# EXERCISE INPUT

■ ■ ■ ■

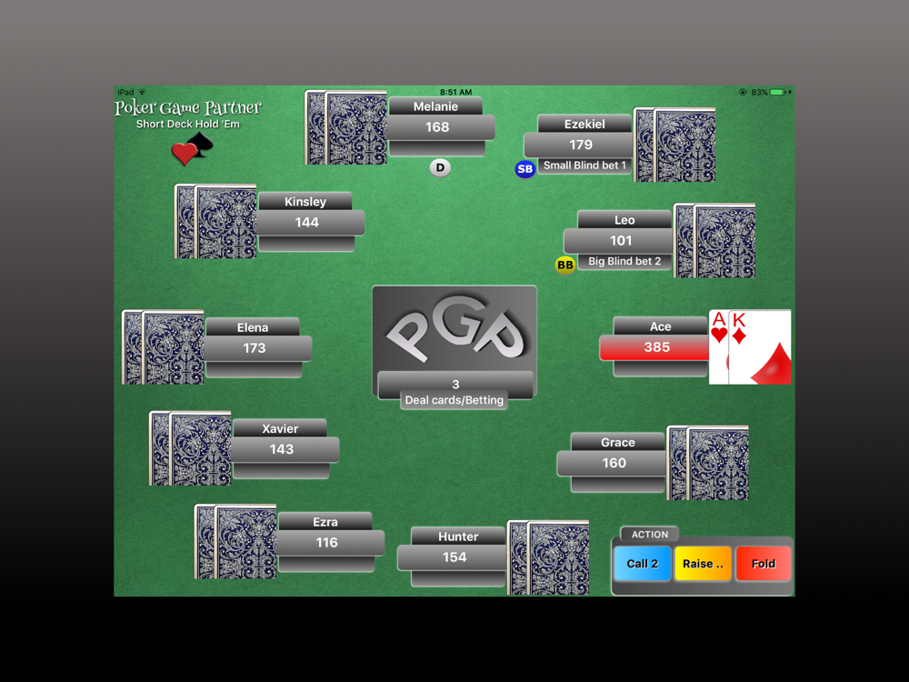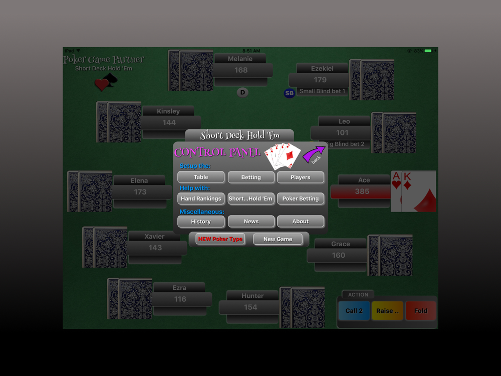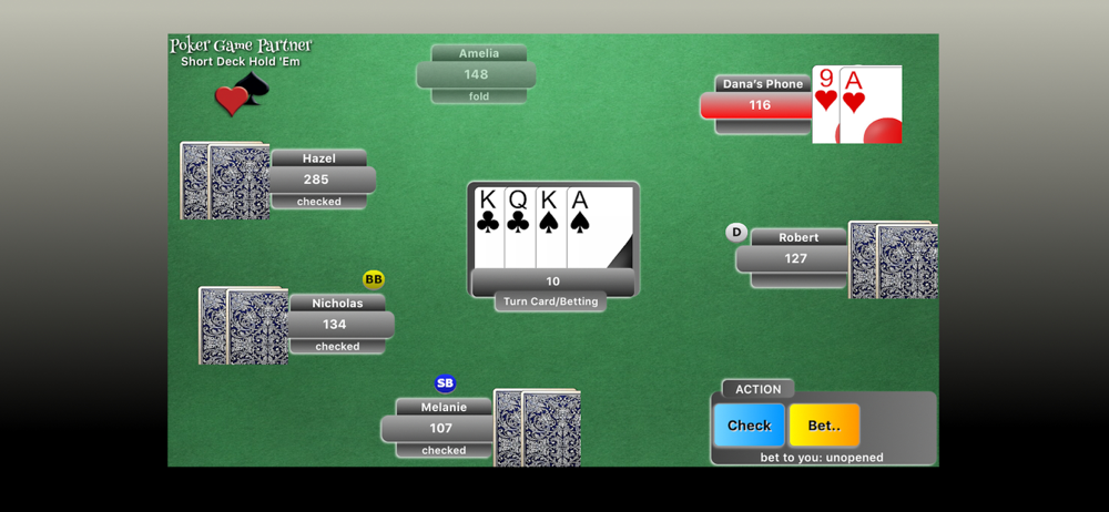 Play short deck Hold'em poker on your iPhone or iPad against challenging AI players for free!
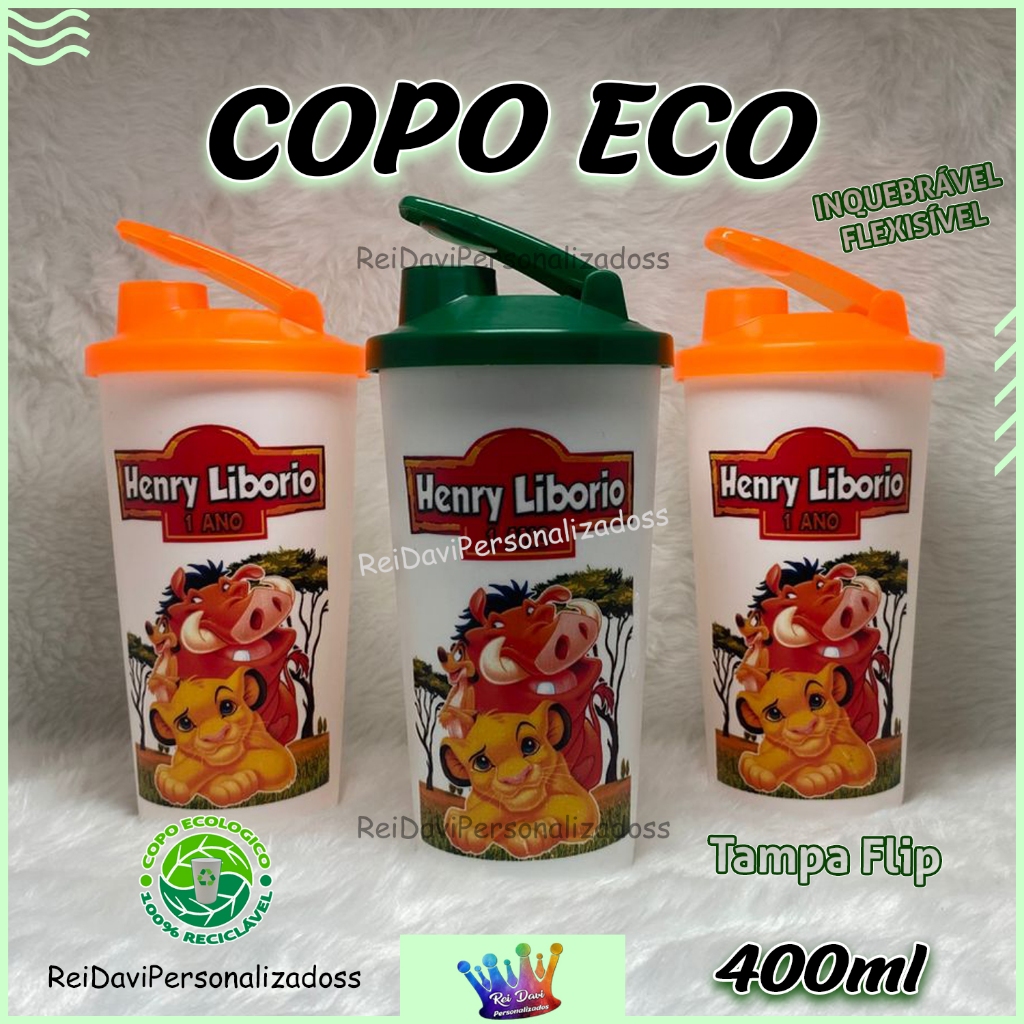 Copos ECOLÓGICOS 400ml Com Tampa FLIP - PERSONALIZADOS (qualquer tema)
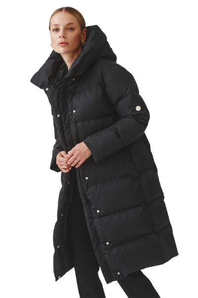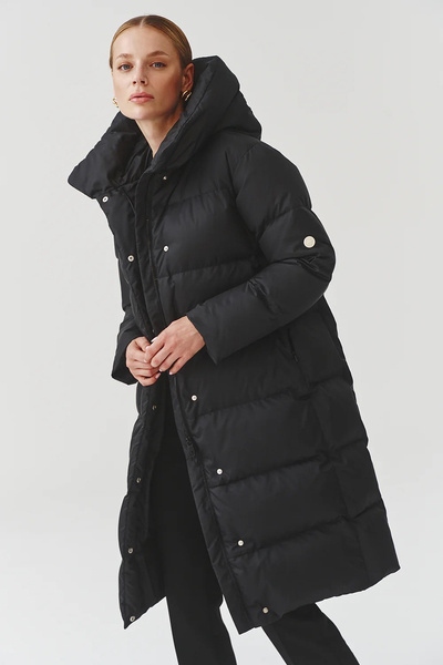 Kurtka średniej długości zapinana na dwukierunkowy suwak. Duża otulająca stójka.
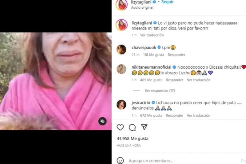 Son días de mucho dolor para Lizy Tagliani, quién días atrás tuvo un accidente con su auto y ahora, a flor de piel, compartió un crudo video después de que su perra, Tati, a quien tenía desde que su madre estaba viva, fue atacada por otro perro y murió.
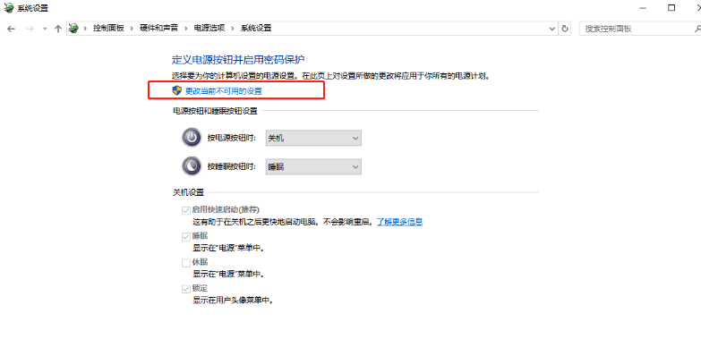在“系统设置”窗口中,点击“更改当前不可用的设置”。
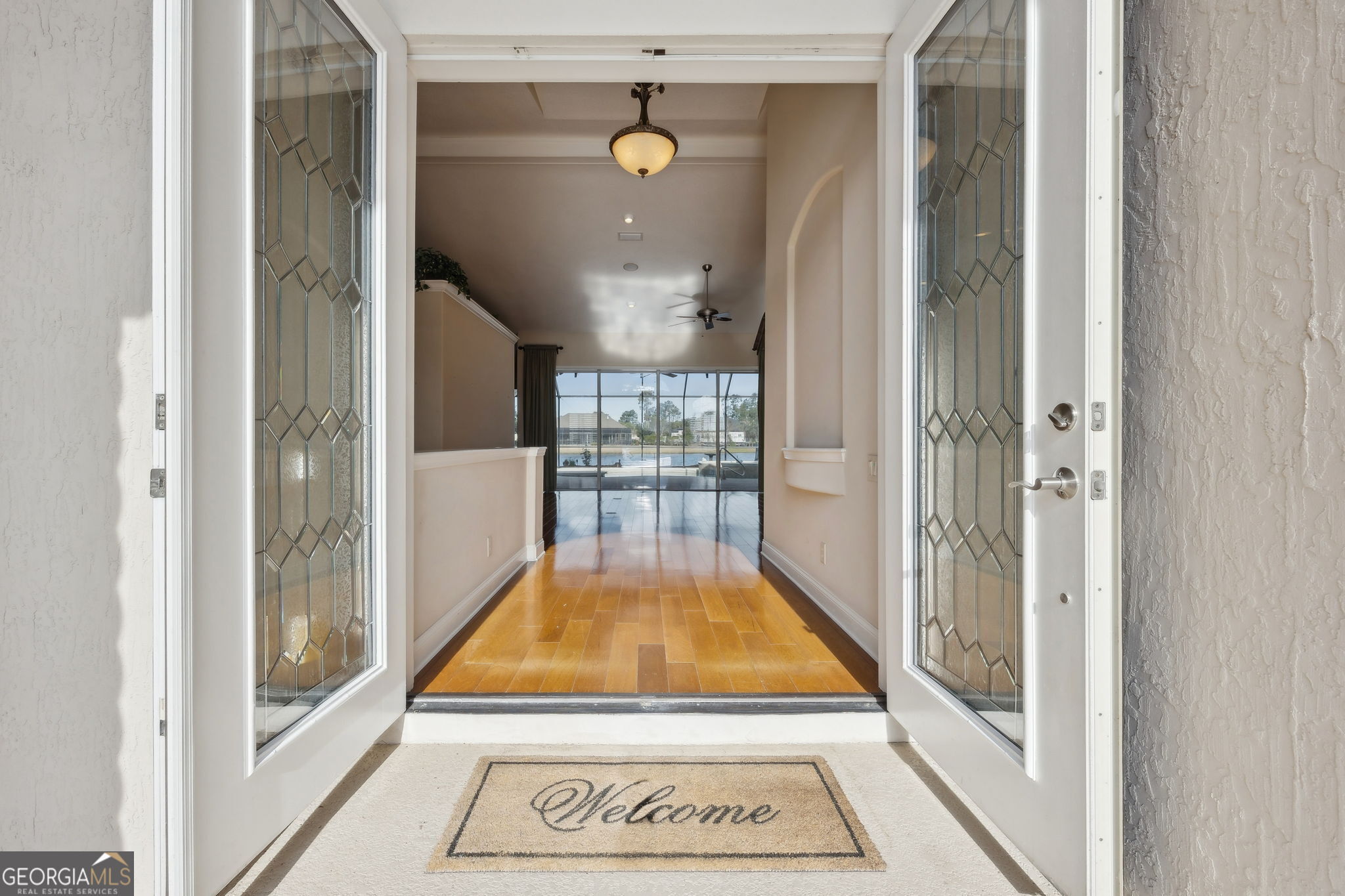 This Arthur Rutenberg custom home offers quality craftsmanship, an open layout, and beautiful water views. Hardwood floors run throughout the main living areas, connecting the living and dining spaces to a well-designed kitchen with custom cabinetry, stainless steel appliances, and a double oven. Large windows and fully retractable sliding glass doors fill the home with natural light and open to peaceful lake views. The front porch overlooks scenic coastal marshland, while the backyard features a screened lanai with summer kitchen, vented gas grill, heated saltwater pool, and spa-ideal for relaxing or entertaining. Three bedrooms provide comfortable private retreats, complemented by three well-appointed bathrooms. Additional features include a gas fireplace, central vacuum system, spacious tiled laundry room with cabinetry and sink, and high-quality finishes throughout. A three-car garage offers ample space for vehicles, storage, or a hobby area. Optional transferable membership to The Club at Osprey Cove includes gated access, clubhouse dining, resort-style pool with tiki bar, golf, fitness center, tennis courts, and more. Conveniently located near beaches, medical facilities, cultural venues, and just 30 minutes from Jacksonville International Airport.
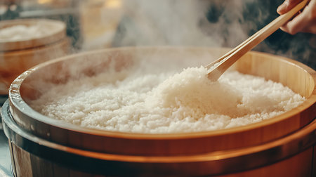 A steaming bowl of freshly cooked rice is displayed in a rustic wooden setting, showcasing the warmth and inviting atmosphere perfect for food lovers and culinary fans alike.
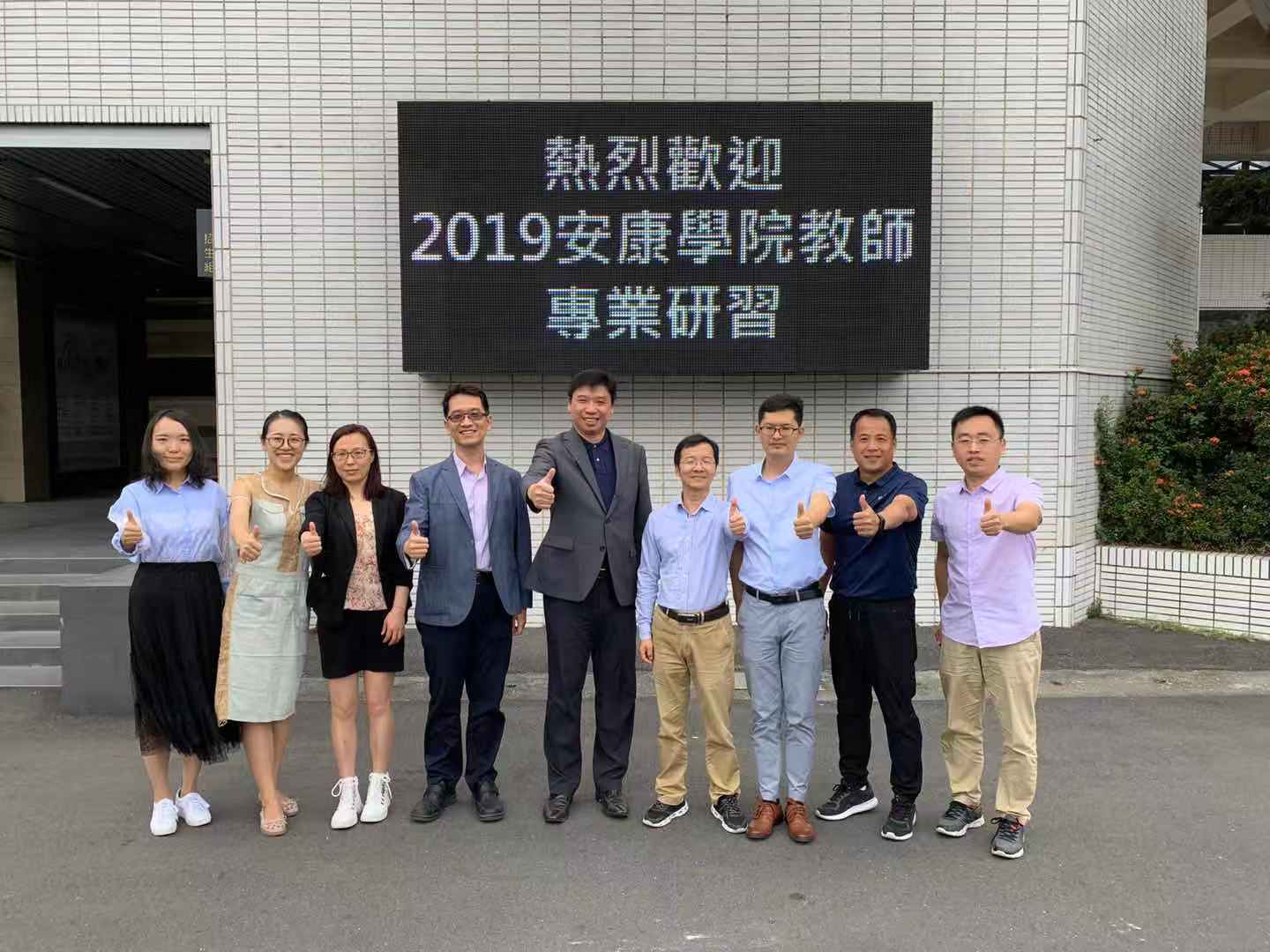 近日,我校选送的中青年教师研修团队一行7人赴台湾开始为期40天的交流学习,学校领导为赴台教师送行。台湾嘉南药理大学举行了隆重的欢迎仪式,并在行政办公楼8楼会议室召开座谈会,欢迎我校研修教师团队的到来。嘉南药理大学校长陈鸿助,副校长杜平悳、廖志祥等出席了座谈会。

■ ■ ■ ■

# WHAT IS NEEDED
The entries above must be output exactly, with every image left out.

# RESPONSE TO THIS TASK
 Play short deck Hold'em poker on your iPhone or iPad against challenging AI players for free!
 Copos ECOLÓGICOS 400ml Com Tampa FLIP - PERSONALIZADOS (qualquer tema)
 Kurtka średniej długości zapinana na dwukierunkowy suwak. Duża otulająca stójka.
 Son días de mucho dolor para Lizy Tagliani, quién días atrás tuvo un accidente con su auto y ahora, a flor de piel, compartió un crudo video después de que su perra, Tati, a quien tenía desde que su madre estaba viva, fue atacada por otro perro y murió.
在“系统设置”窗口中,点击“更改当前不可用的设置”。
 This Arthur Rutenberg custom home offers quality craftsmanship, an open layout, and beautiful water views. Hardwood floors run throughout the main living areas, connecting the living and dining spaces to a well-designed kitchen with custom cabinetry, stainless steel appliances, and a double oven. Large windows and fully retractable sliding glass doors fill the home with natural light and open to peaceful lake views. The front porch overlooks scenic coastal marshland, while the backyard features a screened lanai with summer kitchen, vented gas grill, heated saltwater pool, and spa-ideal for relaxing or entertaining. Three bedrooms provide comfortable private retreats, complemented by three well-appointed bathrooms. Additional features include a gas fireplace, central vacuum system, spacious tiled laundry room with cabinetry and sink, and high-quality finishes throughout. A three-car garage offers ample space for vehicles, storage, or a hobby area. Optional transferable membership to The Club at Osprey Cove includes gated access, clubhouse dining, resort-style pool with tiki bar, golf, fitness center, tennis courts, and more. Conveniently located near beaches, medical facilities, cultural venues, and just 30 minutes from Jacksonville International Airport.
 A steaming bowl of freshly cooked rice is displayed in a rustic wooden setting, showcasing the warmth and inviting atmosphere perfect for food lovers and culinary fans alike.
 近日,我校选送的中青年教师研修团队一行7人赴台湾开始为期40天的交流学习,学校领导为赴台教师送行。台湾嘉南药理大学举行了隆重的欢迎仪式,并在行政办公楼8楼会议室召开座谈会,欢迎我校研修教师团队的到来。嘉南药理大学校长陈鸿助,副校长杜平悳、廖志祥等出席了座谈会。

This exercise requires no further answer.